Every slot type must implement the lightweight Slot trait, which defines how to create and clear a value. The crate ships ready-made implementations for:

  • All integer primitives (i*, u*, and usize/isize).
  • Option<T> (clears back to None).
  • Cell<T> where T: Slot + Copy so interior-mutable slots can be hosted.

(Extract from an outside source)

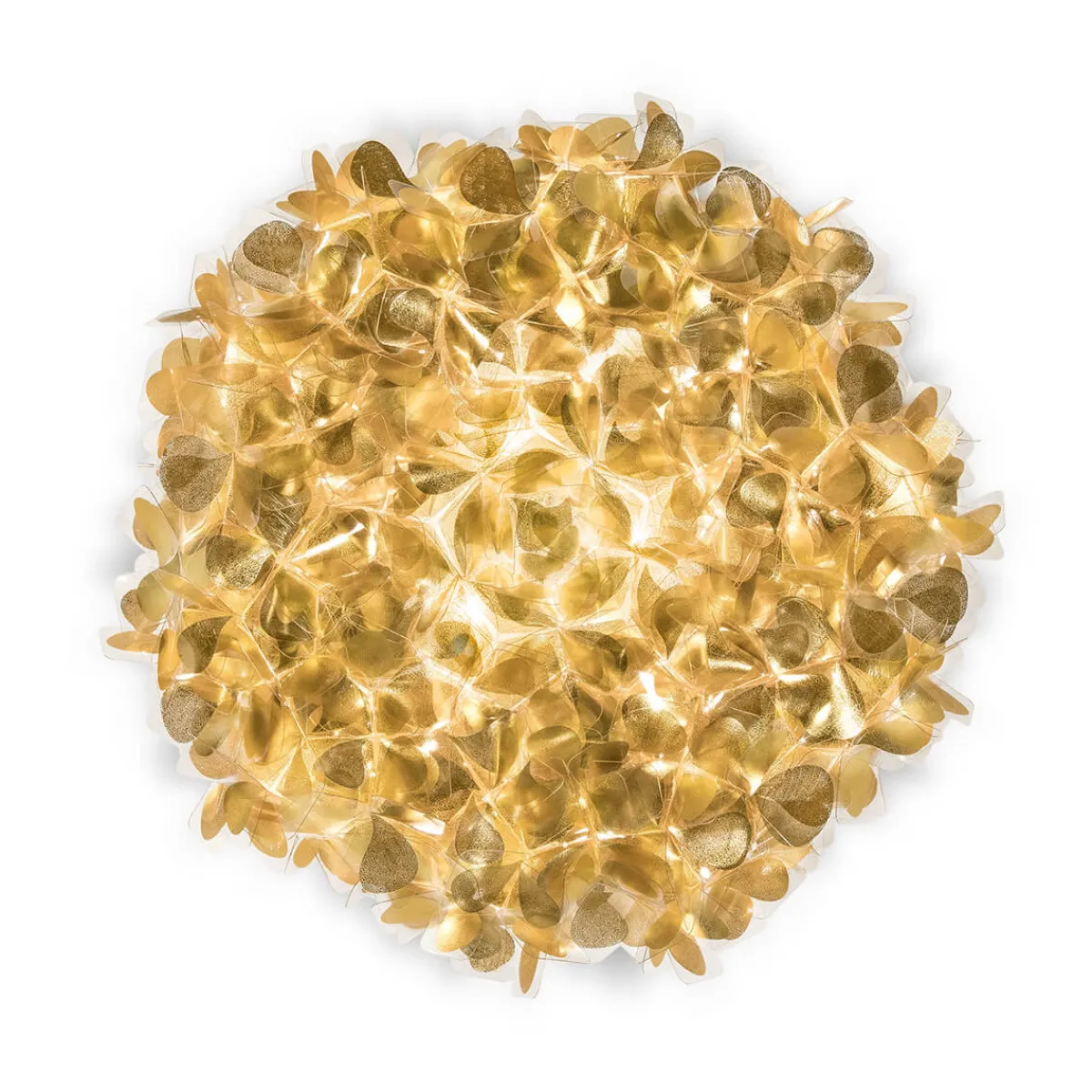 Kernpunkt des Designs von Adriano Rachele ist der Leuchtenschirm, der aus zahlreichen, von Hand zusammengesteckten Blättchen aus Cristalflex®, einem widerstandsfähigen, hochwertigen Kunststoff, besteht. Das Ergebnis ist ein leuchtendes Bouquet, das Ihren Räumen eine ausgewogene Schönheit verleiht. In der Hommage an Freude und die Reinheit der Gefühle liegt die besondere Kraft dieser .

Custom data can implement Slot to retain domain-specific state or perform branchless clears (e.g., resetting SIMD lanes, bitsets, etc.).

Example

use sliding_ring::{SlidingRing, Slot};

#[derive(Default)]
struct Bucket {
    hits: u64,
}

impl Slot for Bucket {
    fn init() -> Self {
        Self { hits: 0 }
    }

    fn clear(&mut self) {
        self.hits = 0;
    }
}

let mut ring = SlidingRing::<Bucket>::new(10_000);
ring.slot_mut(10_005).hits += 1;
ring.shift_to(10_005);
assert_eq!(ring.slot_at_pointer().hits, 1);

Telemetry counter

use sliding_ring::{Direction, SlidingRing, Slot};

#[derive(Default, Clone, Copy)]
struct Bucket { hits: u64 }

impl Slot for Bucket {
    fn init() -> Self { Self { hits: 0 } }
    fn clear(&mut self) { self.hits = 0; }
}

let mut ring = SlidingRing::<Bucket>::new(0);
ring.slot_mut(5).hits += 1;
ring.slot_mut(6).hits += 3;
let sum: u64 = ring
    .iter_from_anchor(Direction::Forward)
    .map(|(_, bucket)| bucket.hits)
    .sum();
assert_eq!(sum, 4);

SIMD scanning

use sliding_ring::SlidingRing;
use wide::u64x4;

let mut ring = SlidingRing::<u64>::new(1_000);
for i in 0..256 {
    *ring.slot_mut(1_000 + i as i128) = i as u64;
}
let (tail, head) = ring.slices_from_anchor();
let needle = u64x4::splat(42);

for chunk in tail.chunks_exact(4).chain(head.chunks_exact(4)) {
    let vec = u64x4::new([chunk[0], chunk[1], chunk[2], chunk[3]]);
    if vec
        .simd_eq(needle)
        .to_array()
        .iter()
        .any(|&lane| lane == u64::MAX)
    {
        println!("found 42");
        break;
    }
}

Run cargo run --example telemetry or cargo run --example simd_scan for the full samples. The SIMD example relies on the wide crate, so it stays on stable Rust while still demonstrating contiguous-slice scanning.

Documentation

  • API reference on docs.rs.
  • Run cargo doc --open -p sliding-ring for local browsing.

Feature flags

  • branchless – enables branchless variants of the re-anchoring routines. They cost a few extra instructions per slot but avoid unpredictable branches when clearing. Enable with --features branchless when compiling/testing.

Status

This crate is extracted from production systems but is still evolving. Expect additions such as configurable ring widths, iterators, and more slot utilities as we work toward a polished open-source release.

Examples

  • cargo run --example telemetry – basic per-slot counter with anchor-ordered reduction.
  • cargo run --example simd_scan – demonstrates splitting the ring into contiguous spans and scanning with SIMD on stable via the wide crate.

Benchmarks

  • cargo bench -p sliding-ring runs the Criterion suite measuring anchor shifts and slot updates.
  • Bazel users can run bazel run //lib/collections/sliding-ring:sliding_ring_bench (tagged benchmark) to launch the same binary.

License

Licensed under either of

at your option.

Unless you explicitly state otherwise, any contribution intentionally submitted for inclusion in sliding-ring by you, as defined in the Apache-2.0 license, shall be dual licensed as above, without any additional terms or conditions.